Postmodernism and Beyond

 

by Dr. Peter Meier, Founder of Applied Personal Science APSâ

This is a long and not at all fancy page. Please save it and prepare yourself to read it in peace. To get the context; read ACT 17:22-23, Paul's reference to the "unknown God": The known gods in this world are all the content-free technologies like the Internet, the personally-neutral knowledge worked out by science that is now globally available. However, Paul's "unknown God" is personal and personally interested in each of us as who we are; a unique personality that struggles to get "online" in this world. There is neither a thing nor a generally known concept I can refer to and say, look that is what I am! The question is: Who am I? And the answer is basically given by me fulfilling my life. In trying that, we all struggle with what we call the world. Here I was lucky to have found Polly Young-Eisendrath's very personal account of her relationship to the Swiss psychoanalyst Carl Gustav Jung. I am making a great deal of use of her expressions as an analogy to work out the relationship between man and the world, and how we can overcome it and get online.

If anyone can give me Polly's address/Email I would be grateful

 Polly Young-Eisendrath in her pager "Postmodernism: Struggling with Jung: The Value of Uncertainty" provided an incentive for me to work out the psychological description of what I call the ROI (return on investment)-mentality that is now threatening the survival of most human systems (individual minds, relationships, groups, organizations, cultures). It is not enough to turn the resulting human detriment into a new virtue and give it a scientific touch in the name of "chaos-theory"! In discerning the interpretations of reality based on the corresponding brain functions, we have to learn to separate the chaff from the grain. This lesson is not just pointed out in books like the Bible; it is imposed on us by life itself for the sake of survival in order to fulfill our lives:

 

PSA 1:3 They are like trees planted along the riverbank, bearing fruit each season without fail. Their leaves never wither, and in all they do, they prosper.

4 But this is not true of the wicked. They are like worthless chaff, scattered by the wind.

ISA 17:13 But though they roar like breakers on a beach, God will silence them. They will flee like chaff scattered by the wind or like dust whirling before a storm.

JER 13:24 "I will scatter you, just as chaff is scattered by the winds blowing in from the desert.

JER 23:28 Let these false prophets tell their dreams, but let my true messengers faithfully proclaim my every word. There is a difference between chaff and wheat!

JER 51:2 Foreigners will come and winnow her, blowing her away as chaff. They will come from every side to rise against her in her day of trouble.

 

 Postmodernistic Struggles of Individuals in and with the World:

a mere reflection of the struggle of the different brain parts in our heads due to an inadequate understanding of our personal nature in trying to fit in with so-called human nature, and the world?

 

Humans can put their desires into moods, words and action, e.g. forms, content and meaning.

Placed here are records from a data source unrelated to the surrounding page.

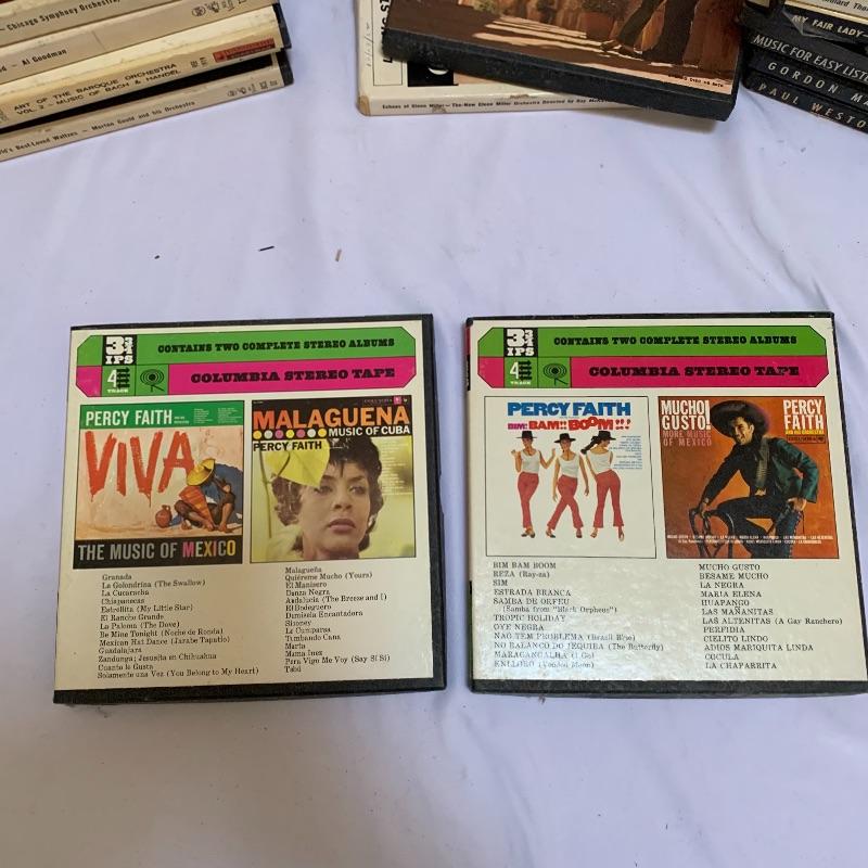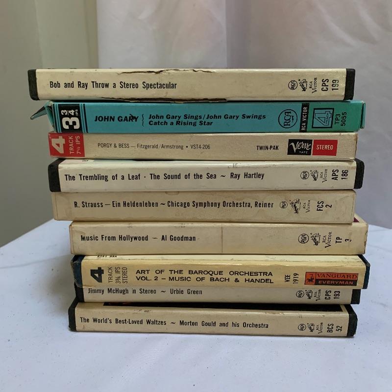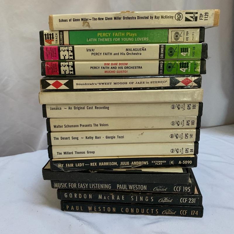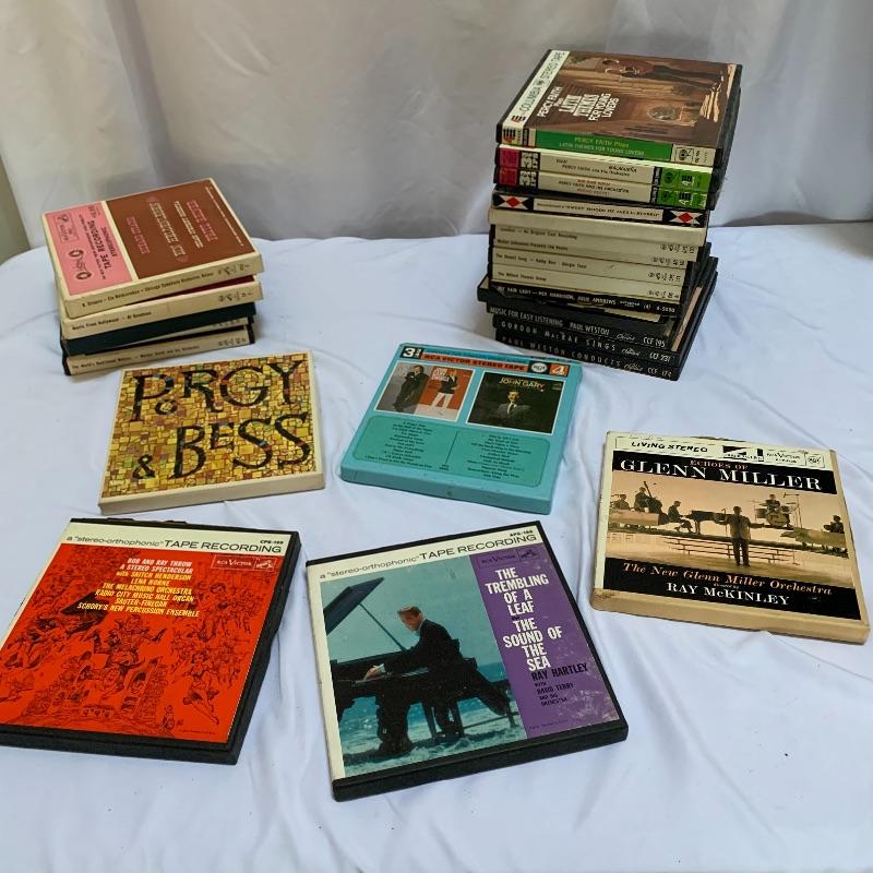 Travel back in time with vintage reel to reel recordings. This lot includes recordings by best selling artists such as Glean Miller, Percy Faith, and John Gary. There are a total of 24 reels, and good condition overall. Shipping available.
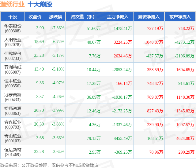 个股表现方面,造纸行业当日领跌股为华泰股份(600308),该股当日报收3.9,下跌7.36%,成交量51.6万,主力资金净流出1475.41万元。太阳纸业(002078)以下跌6.72%紧随其后,该股当日成交量40.67万,主力资金净流入3224.25万元。除此之外,仙鹤股份(603733)、五洲特纸(605007)、恒丰纸业(600356)均进入当日熊股之列。具体个股列表见下表:
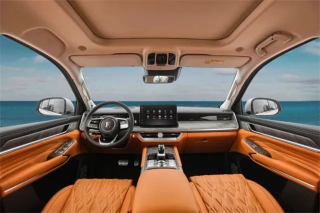 配置上,坦克500更是简单粗暴。从最低配车型开始,坦克500的车舱之内就覆盖了大量皮革与软包,而能够实现包括实时导航、手机互联、远程车联、语音交互等等功能的12.3英寸数字仪表盘与14.6英寸液晶触控屏也是全系标配,驾驶辅助中也可实现全速自适应巡航+360度全景影像。当然了,低配车的车舱中还将找到分区自动空调、多色氛围灯、后隐私玻璃、前排电动座椅等等功能配件。

How come this "scattering wind" does not fragment even more people' mind, break up more relationships, team, organizations and cultures?

 

As children we began with our idealizing identification by playing with forms and words. They are tangible and some even feel good, because through playing with them we received psycho- logical help to deal with people. We thus learn to become subjects that can deal with objects after it dawns upon us that our fellow humans, first of all our mothers, are not so easy to deal with. Our life story then turns our fellow humans into what self-psychologists call "selfobjects". In school we learn to give what at first is a content-free object, form through the associated words. Attached to this tagging is the expectation that the thing behaves as the name suggests! This kind of naming/tagging makes up our know-how about objects through the generally defined (denotational), objective/personally-neutral content, which is often mere virtual knowledge. People then usually struggle with the discrepancy between the virtual and the real meaning of their fellow people for the rest of their lives.

 

Such struggles lead to the personal and collective history we know and so we end up synchronizing our brain with that dichotomy. Thus knowing that everybody is caught in it, history, or what Jung referred to as archetypes seem to give us coherence and transparency. Our memory thus deals mostly with this corresponding inner struggle (between virtual and real objects, the denotational meaning of words and reality as it is) and the fantasies we use to escape it. In order to be "right" about our memory, we project our own images of others and our relationships and life with them onto the world. Thus this kind of attempted "self-fulfilling prophecy" turns into the now prevailing human attempt to replace the created creation with a man-made world, which is mere virtual reality.

 

Thus we do not have to deal with facts, others' accounts and the reactions of those who love and hate us. In virtual reality we get a sense of self and feel we understand who and what we are in terms of where our projections achieve ROI, a return on investment. ROI is of course "vitally" important, not just for economic success and failure. And where we succeed is it politically correct to attribute the result to oneself. In short, to become economically successful by succumbing to the laws of ROI is virtually becoming oneself. Are you somebody in terms of succumbing your life-fulfillment to managing a budget, or are you taking a wage or a social security check, that is the question:

 

Thus ROI fulfills the idealizing transference that is so well communicated to people by the media: For people the world in its ROI dynamics represented by the money system has the character of an indispensable entity that is absolutely necessary for today's life. However infantile this dependence may appear to be, it expresses an extremely important demand which, if disappointed, often turns into people's bitter hatred of the system, as happened in Albania 1997 when a pyramid system of investment fonds collapsed.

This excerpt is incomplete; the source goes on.